JVNVU#94260088
Multiple vulnerabilities in Elecom routers

Overview

Multiple routers provided by ELECOM CO.,LTD. contain information disclosure and OS command injection vulnerabilities.

Products Affected

• WRC-1167FS-W
• WRC-1167FS-B
• WRC-300FEBK
• WRC-F300NF
• WRC-733FEBK
• WRH-300RD
• WRH-300BK
• WRH-300SV
• WRH-300WH
• WRH-H300WH
• WRH-H300BK
• WRC-1167FSA
• WRH-300BK-S
• WRH-300WH-S

Description

Multiple routers provided by ELECOM CO.,LTD. contain multiple vulnerabilities listed below.

WRC-1167FS-W, WRC-1167FS-B, WRC-1167FSA

• Information disclosure (CWE-200) - CVE-2021-20738

  CVSS v3

  CVSS:3.1/AV:A/AC:L/PR:N/UI:N/S:U/C:L/I:N/A:N

  Base Score: 4.3

WRC-300FEBK, WRC-F300NF, WRC-733FEBK, WRH-300RD, WRH-300BK, WRH-300SV, WRH-300WH, WRH-H300WH, WRH-H300BK, WRH-300BK-S, WRH-300WH-S

• OS command injection (CWE-78) - CVE-2021-20739

  CVSS v3

  CVSS:3.1/AV:A/AC:L/PR:N/UI:N/S:U/C:L/I:L/A:L

  Base Score: 6.3

Impact

• An unauthenticated network-adjacent attacker can possibly obtain sensitive information. - CVE-2021-20738
• An unauthenticated network-adjacent attacker can execute arbitrary OS commands. - CVE-2021-20739

Solution

Stop using the products
Vulnerable products listed below are no longer supported. Stop using the products and consider switching to alternatives.
WRC-300FEBK、WRC-F300NF、WRC-733FEBK、WRH-300RD、WRH-300BK、WRH-300SV、WRH-300WH、WRH-H300WH、WRH-H300BK、WRH-300BK-S、WRH-300WH-S

Apply a workaround
For WRC-1167FS-W, WRC-1167FS-B and WRC-1167FSA, applying the following workarounds may mitigate the impacts of vulnerabilities.
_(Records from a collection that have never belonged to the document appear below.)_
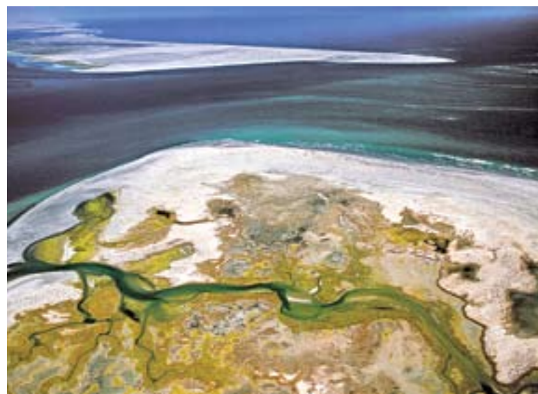
Estero La Bocana en Laguna San Ignacio, El Vizcaíno B.C.S. Vista aérea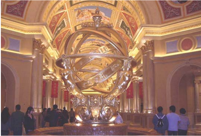
Interior de The Venetian , el casino-hotel más grande del mundo con un costo de miles de millones de dólares.

bles colas de clientes cambiando dinero. Visité algunos sitios turísticos y otros lugares casi vacíos pues resulta que la tal maravilla era el apoltronarse por horas en los miles de metros cuadrados que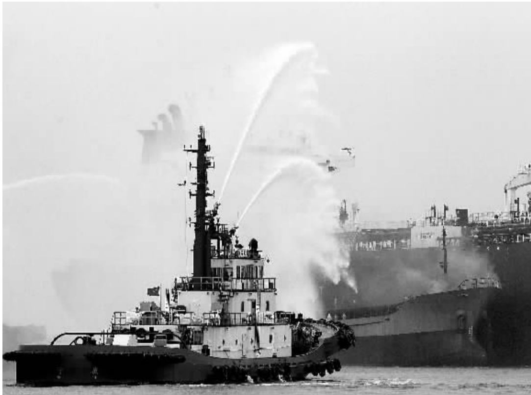
9月23日上午,2013海上重大溢油应急处置演习在广西举行。这是我国国家层面首次针对重大海上溢油进行的专项演练,也是国家重大海上溢油应急处置部际联席会议制度建立以来的第一次国家层面演练。

本报北京9月23日讯 记者郭存举报道:由中国传媒大学广告主研究所主办的2013—2014中国营销传播趋势论坛暨《广告主蓝皮书》发布会,今天在中国传媒大学举行。论坛上发布了《广告主蓝皮书——中国广告主营销传播趋势报告NO.7》,论坛主题为“融合·升级——缔造营销传播新生态”,论坛以独特视角剖析了中国广告行业的发展现状,并对广告产业在未来的发展趋势进行了充分探讨。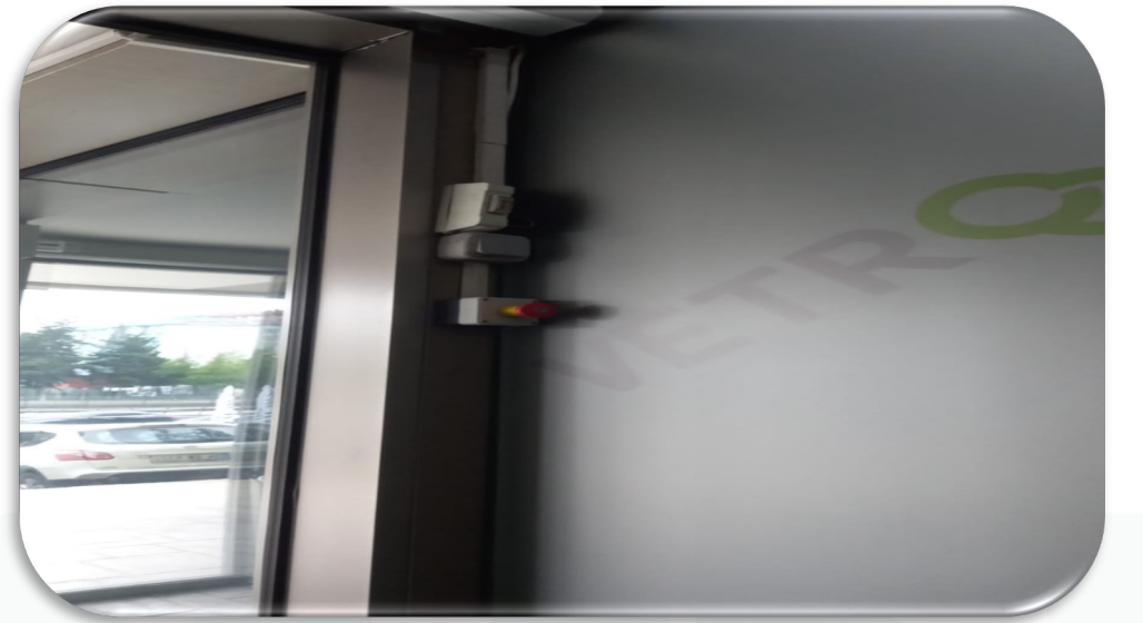
B Blok giriş kapısına anahtarlı acil stop butonu takılmıştır.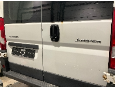
13. Lakk / karosseri utvendig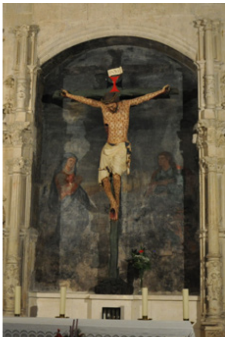
Figura 3. Cristo de Burgos o de la Trinidad , parroquia de San Gil, Burgos.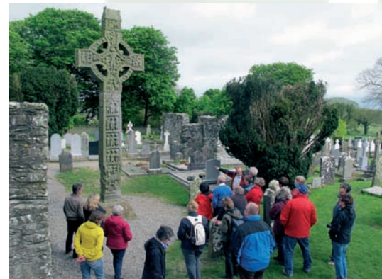
„Monasterboice Cemetery“: Irische Geschichte – eine Annäherung

Zweimal wegen „Aktivitäten für die IRA“ zu langjährigen Gefängnisstrafen verurteilt, gehörte er in den berüchtigten H-Blocks von Long Kesh zu den Häftlingen, die im August 1981 einen Hungerstreik begannen, um ihre Anerkennung als politische Gefangene durchzusetzen. 55 Tage Hun-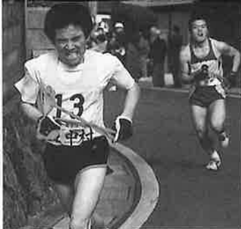
ラストスパート 中尾坂にて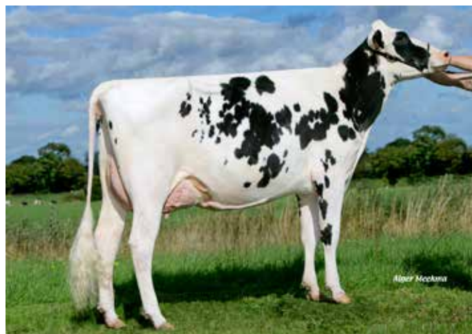
FLORIDA, mère de HALTAYA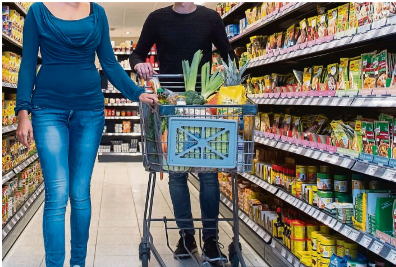
Der Wagen voll, der Geldbeutel leer: Wer beim Einkaufen einige Dinge beachtet, kann Geld sparen.

Häufig sind Produkte unterschiedlicher Packungsgrößen schwierig zu vergleichen. Wie viel günstiger ist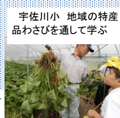
宇佐川小 地域の特産品わさびを通して学ぶ

学校運営協議会のバックアップで人的・物的支援が充実 錦・美川地域協育ネットでも子供の体験を広げる 様々な活動体験の場面を提供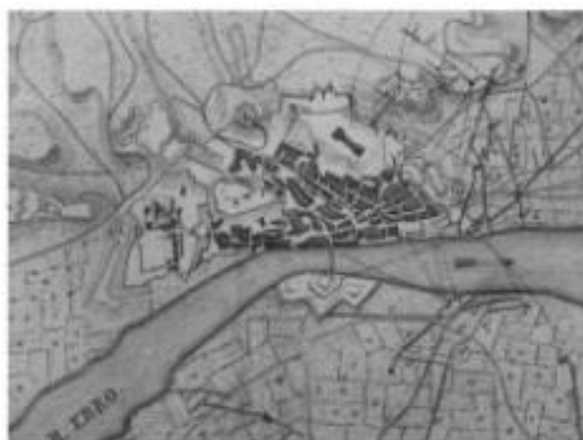
Imagen 1. Ejemplo fuente cartográfica. Grabado antiguo que muestra Tortosa a finales del siglo XIX. Fuente: 12 ideas clave. Enseñar y aprender historia.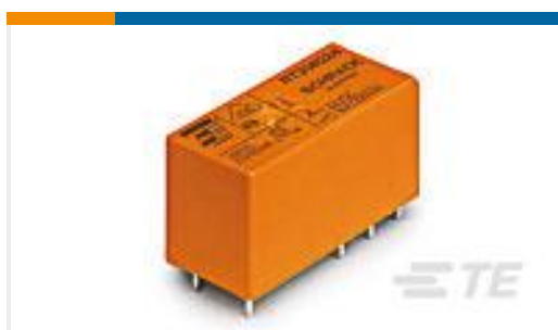
TE 产品编号2-1415898-4 RTS3LA24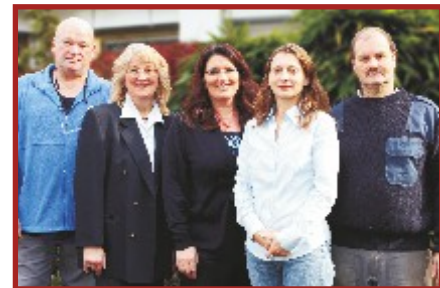
Wir schaffen Ihnen Freiräume

Gerne präsentieren wir Ihnen Ihr neues Büro bei einer unverbindlichen Besichtigung.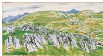
「秋吉台(春)」1960年 油彩・キャンバス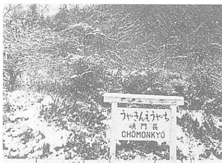
「JR山口線・長門峡駅」(写真展から)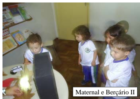
Maternal e Berçário II

TEATRO DE SOMBRAS : O teatro foi confeccionado com uma caixa de papelão pintada toda de preto, na sua abertura foi colocado papel de seda branco e para sua realização utilizamos fantoches com color sete preto e palitos de churrasco, com o auxílio da lanterna atrás do teatro era possível refletir sua sombra para as crianças que estavam na frente assistindo.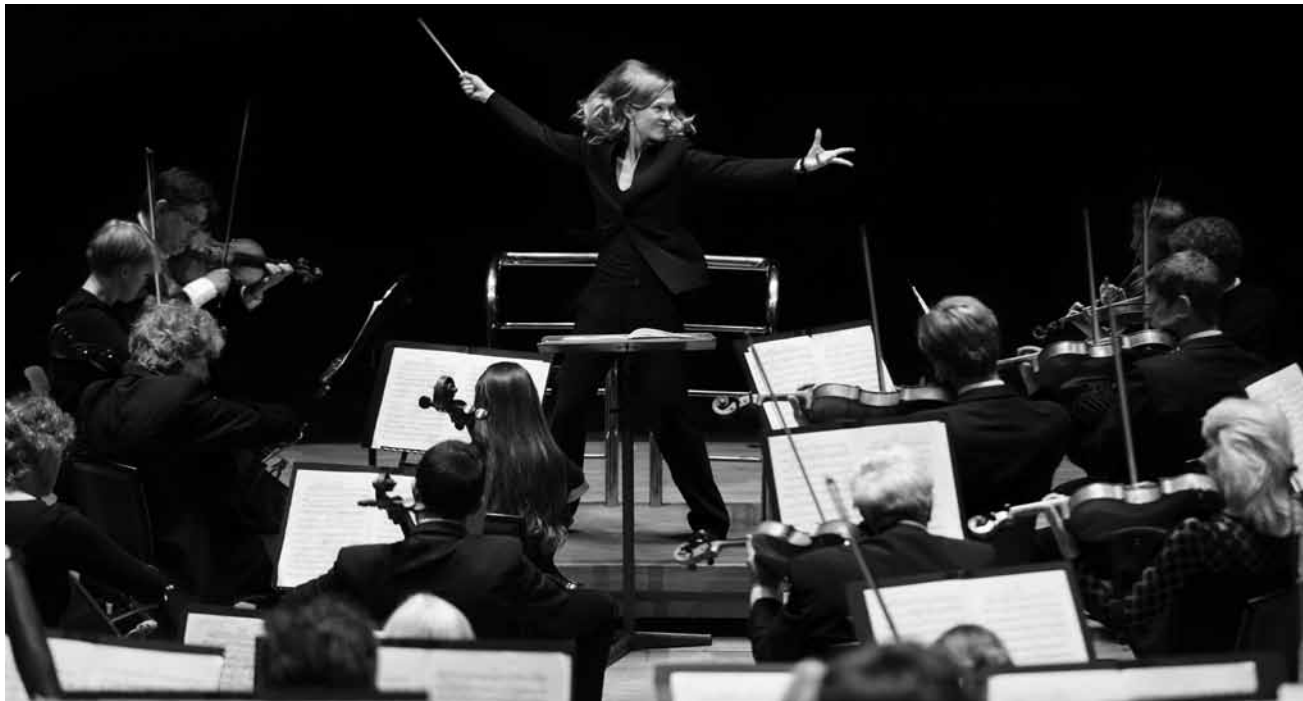
Le CBSO et sa directrice musicale, Mirga Gražinyte-Tyla : une belle équipe depuis déjà 2016.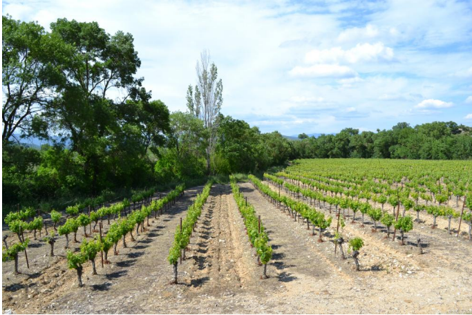
En aval du Mas-de-Londres, le 17/05/2017.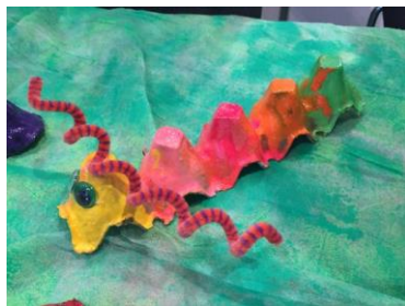
Mynd 16. Listaverk eftir barn.

Mikilvægt er að hvetja börn til að kanna, skoða og finna sjálf lausnina á því sem þau eru að vinna að og vinna út frá áhuga þeirra því að þá fær sköpunargleðin að njóta sín.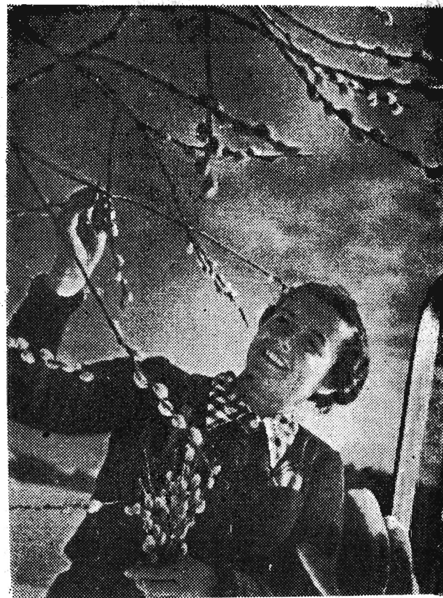
Zima nie jest już groźna. Wprawdzie mroźny wiaterek usiłuje straszyć, od czasu do czasu sypie śnieżek ale srebrne bazyce nastroją wiosennie.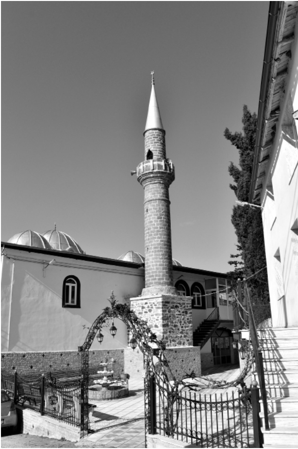
Yassiören Camisi ve mihrabı.

Osmanlı döneminde, H.1246 – M. 1831 tarihinde yapılan sayımda köyün adı “Karye-i Yassıvıran” olarak belirtilmiş ve nüfusu da şöyle kaydedilmiştir: Tuvânâ - Güçlüler: 150 Sabi – Çocuklar: 165

According to the developer, firmware updates for these products will not be released.

• Change the password of products.
• Do not access unnecessary web sites while logged into the products.
• Quit the web browser after completing the settings.
• Delete the password stored in the browser.